Now that the federal COVID-19 national emergency is officially over, millions of Americans are set to lose their Medicaid coverage. While many will be able to transition to other kinds of coverage, health officials estimate nearly 7 million people will ultimately lose coverage due to administrative barriers.

What we hear over and over again from patients is that they don’t delay payment because they don’t want to pay their bill – rather, they lack the clarity, transparency, and connection to financial aid options to come to resolve their bills on their own.

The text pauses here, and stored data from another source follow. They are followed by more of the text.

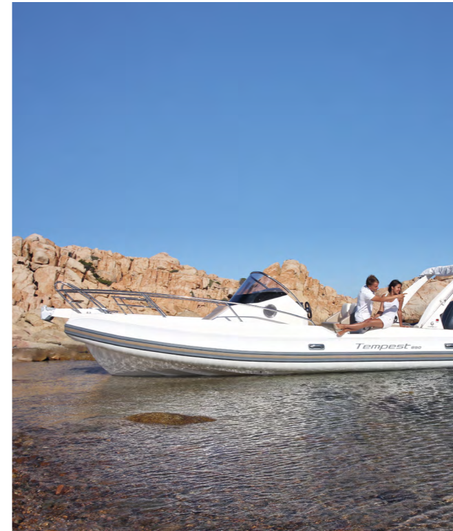
Obs! Båtens färgsättning på bilden motsvarar inte den som erbjuds.

TEKNISKA DATA Längd: 791 cm | Bredd: 305 cm | Max motorstorlek: 300 hk | Max antal personer: 18 | Vikt: 1 500 kg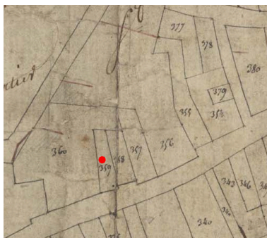
Extrait du plan cadastral de 1809, parcelle E 359.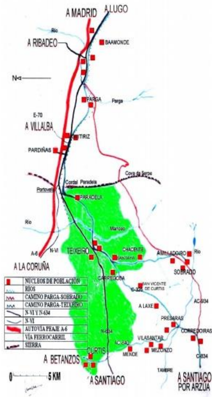
Mapa orientativo del Camino del Norte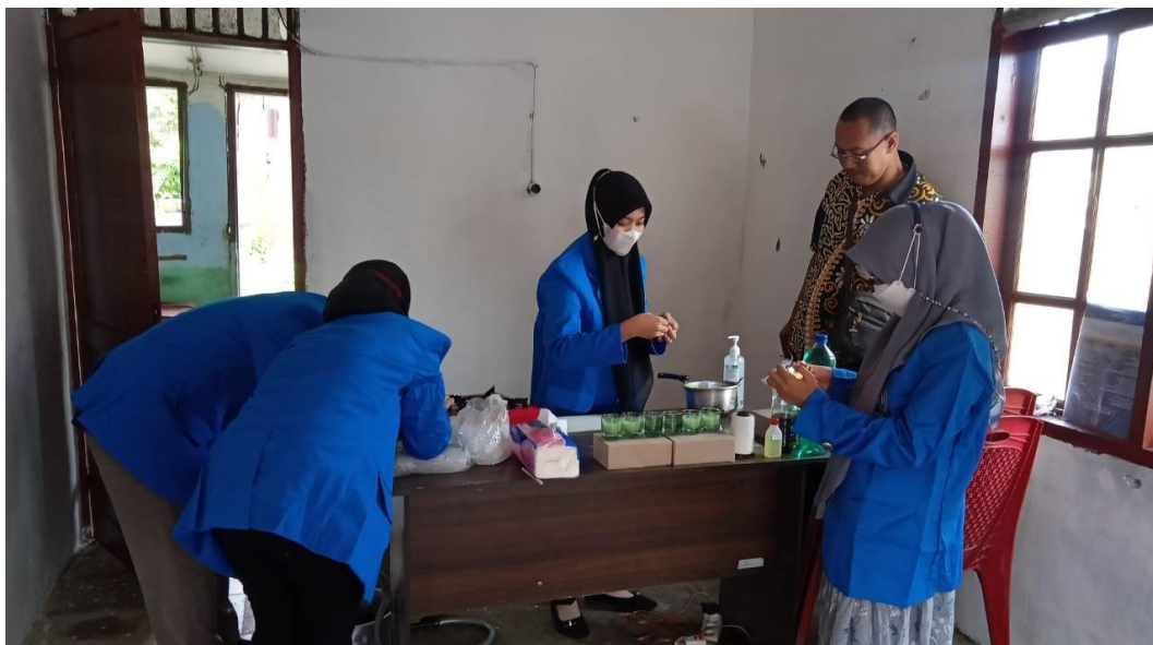
GAMBAR 2.4 Persiapan (Sentralisasi tempat, penempatan alat dan bahan)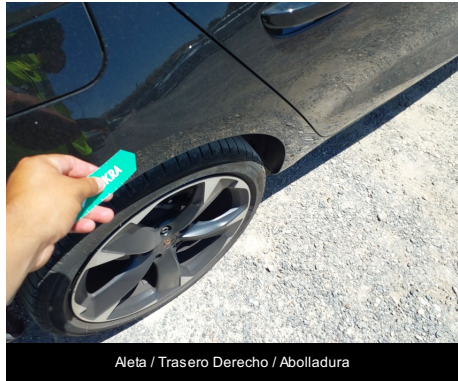
Aleta / Trasero Derecho / Abolladura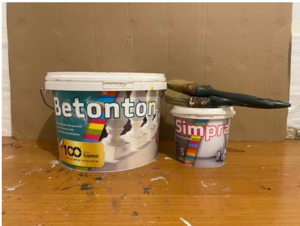
Slika 7. Prikaz bijele boje za beton, emulzije i dviju širokih četki za boje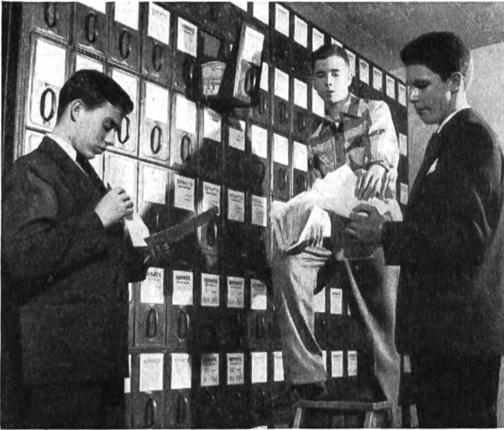
Zwei Pagen holen Rap- porte aus der umfas- senden Kartothek des Staats- gebäudes.

zu spitzen, Dutzende von Notizblöcken und Büroklammern zu verteilen und Zeitungen bereitzulegen. Während der Session, die täglich sechs und mehr Stunden dauern kann, halten sich diese klugen und flinken Pagen in einem Wartezimmer auf, um jederzeit für die Parlamentsmitglieder erreichbar zu sein. H. Sg.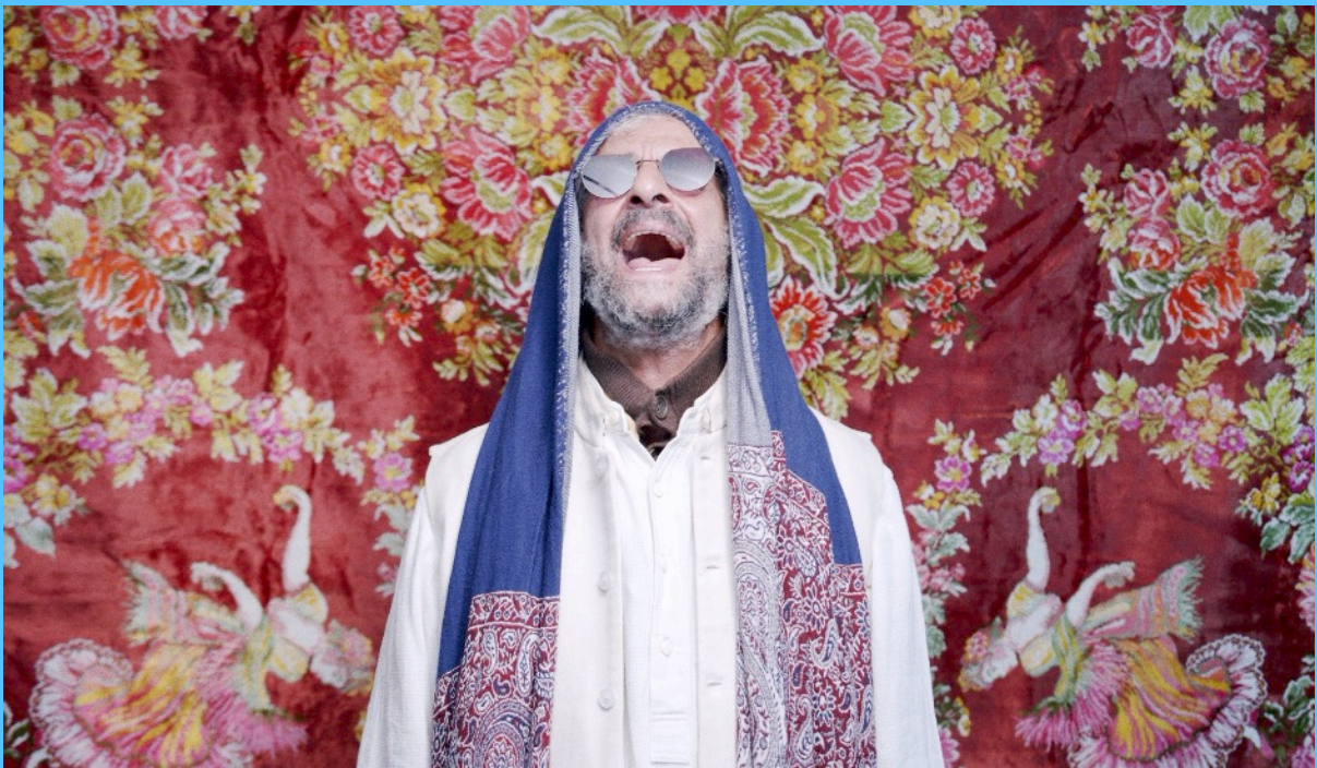
פריים מתוך 'להתאגרף עם אלוהים'

דוקו מוזיקאלי חדש מאת המוזיקאי והקולנוען עמית חי כהן בכיכובו של JOJO

Related: Patients are getting blindsided by ‘facility fees,’ and states are taking action

Mass dis-enrollment of Medicaid only further highlights the need (and opportunity) to make financial assistance programs of all kinds — whether that be Medicaid, charity care, payment plans, etc. — more understandable and accessible to patients. In the next few years, we’ll see payers and providers leveraging technology to make it easier to surface these options for patients.